▶

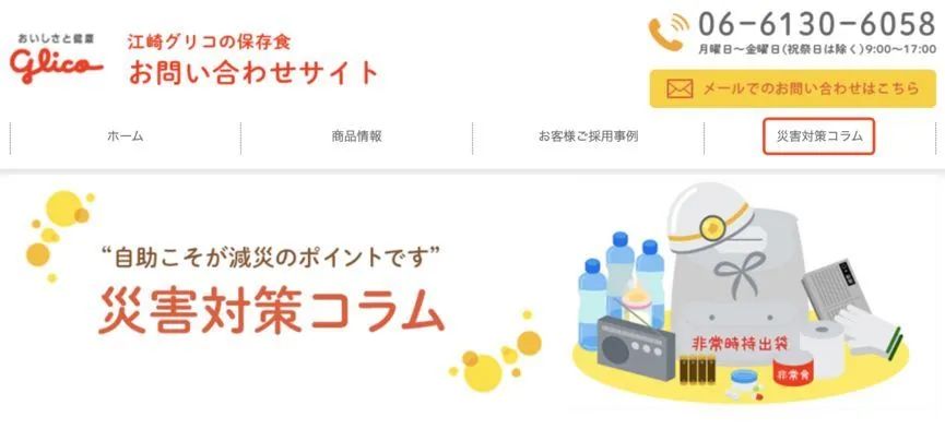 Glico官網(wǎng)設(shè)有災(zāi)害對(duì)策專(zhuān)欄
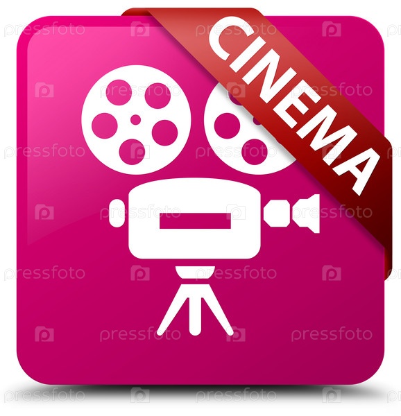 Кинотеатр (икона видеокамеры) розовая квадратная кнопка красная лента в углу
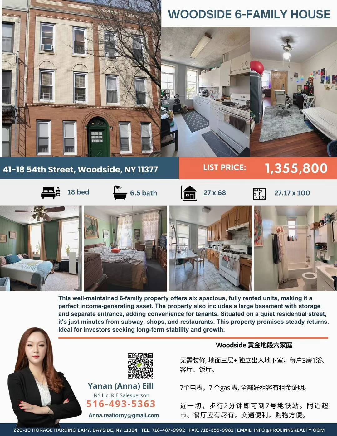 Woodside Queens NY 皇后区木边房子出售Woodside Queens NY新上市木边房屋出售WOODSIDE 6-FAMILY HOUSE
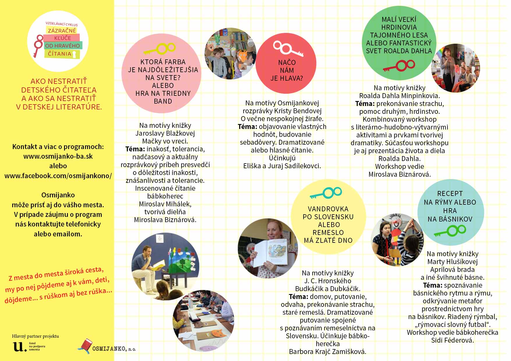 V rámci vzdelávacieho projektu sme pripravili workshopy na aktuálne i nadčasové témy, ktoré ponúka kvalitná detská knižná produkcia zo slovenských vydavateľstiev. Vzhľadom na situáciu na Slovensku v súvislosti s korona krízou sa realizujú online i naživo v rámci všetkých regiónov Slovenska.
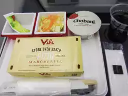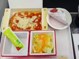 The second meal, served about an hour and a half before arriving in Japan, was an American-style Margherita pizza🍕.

◀
▶

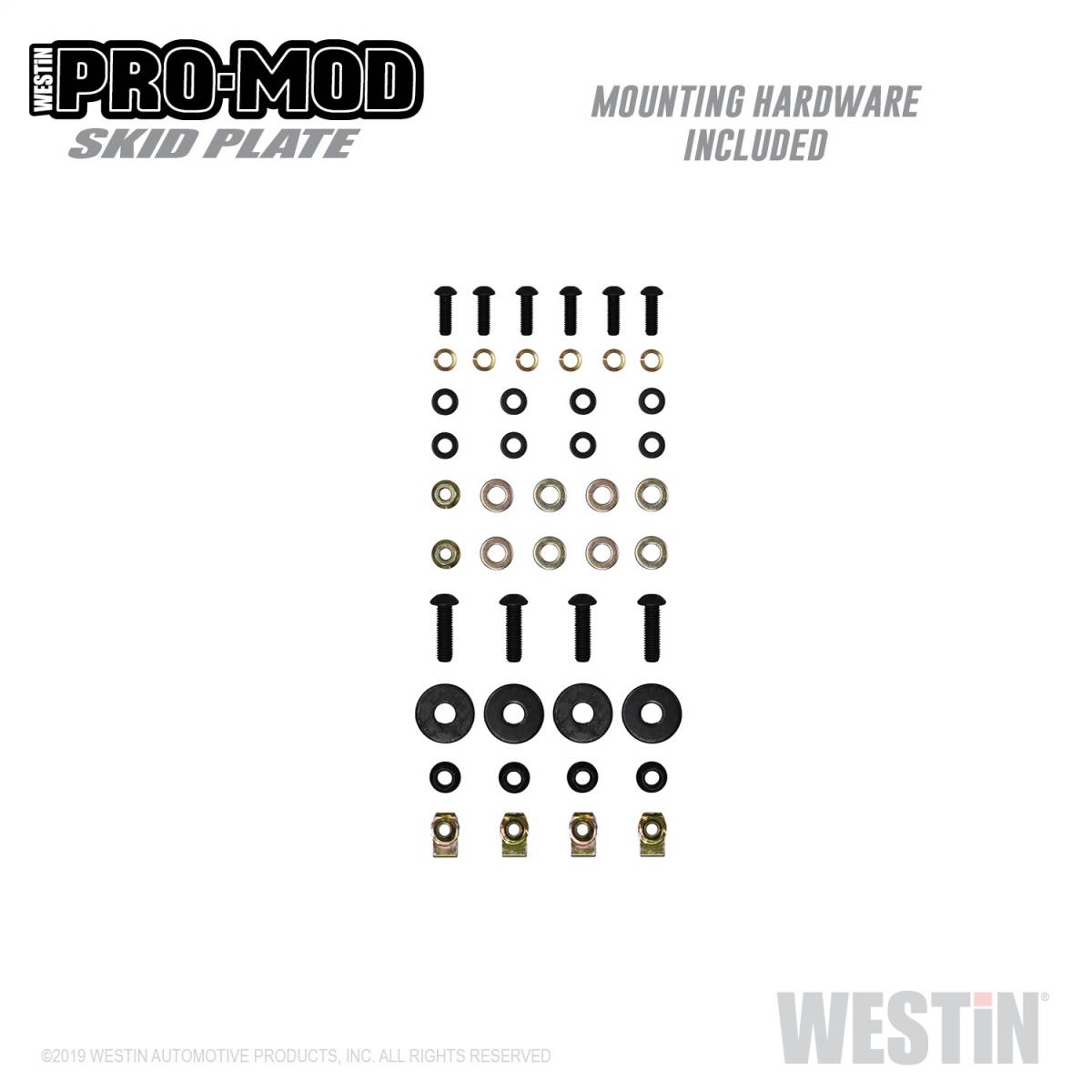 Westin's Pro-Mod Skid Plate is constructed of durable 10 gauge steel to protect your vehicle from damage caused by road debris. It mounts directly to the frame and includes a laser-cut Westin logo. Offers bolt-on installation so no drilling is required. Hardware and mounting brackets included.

◀
▶

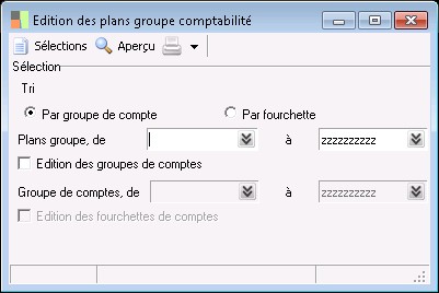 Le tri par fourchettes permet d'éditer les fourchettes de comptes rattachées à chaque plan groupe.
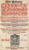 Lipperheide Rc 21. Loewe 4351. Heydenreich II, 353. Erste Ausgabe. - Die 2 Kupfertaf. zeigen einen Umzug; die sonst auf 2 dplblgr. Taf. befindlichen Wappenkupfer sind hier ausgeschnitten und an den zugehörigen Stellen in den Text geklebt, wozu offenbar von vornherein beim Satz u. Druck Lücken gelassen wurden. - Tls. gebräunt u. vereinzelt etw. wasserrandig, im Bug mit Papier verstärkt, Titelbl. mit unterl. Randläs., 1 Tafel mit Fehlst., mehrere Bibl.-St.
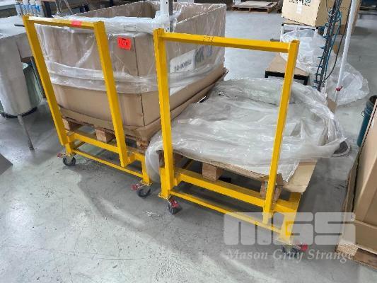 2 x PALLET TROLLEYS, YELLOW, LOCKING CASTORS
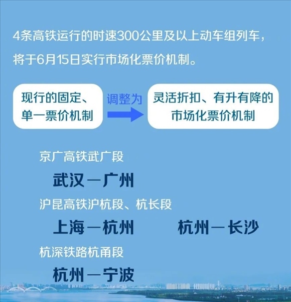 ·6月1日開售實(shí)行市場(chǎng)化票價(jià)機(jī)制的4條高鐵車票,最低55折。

◀

What the exercise asks: The answer must be the lines above from the one containing "Glico官網(wǎng)設" through the one containing "The second meal, served", reproduced exactly, with no pictures and nothing else.

Solution for this exercise:
 Glico官網(wǎng)設(shè)有災(zāi)害對(duì)策專(zhuān)欄
 Кинотеатр (икона видеокамеры) розовая квадратная кнопка красная лента в углу
 Woodside Queens NY 皇后区木边房子出售Woodside Queens NY新上市木边房屋出售WOODSIDE 6-FAMILY HOUSE
 V rámci vzdelávacieho projektu sme pripravili workshopy na aktuálne i nadčasové témy, ktoré ponúka kvalitná detská knižná produkcia zo slovenských vydavateľstiev. Vzhľadom na situáciu na Slovensku v súvislosti s korona krízou sa realizujú online i naživo v rámci všetkých regiónov Slovenska.
 The second meal, served about an hour and a half before arriving in Japan, was an American-style Margherita pizza🍕.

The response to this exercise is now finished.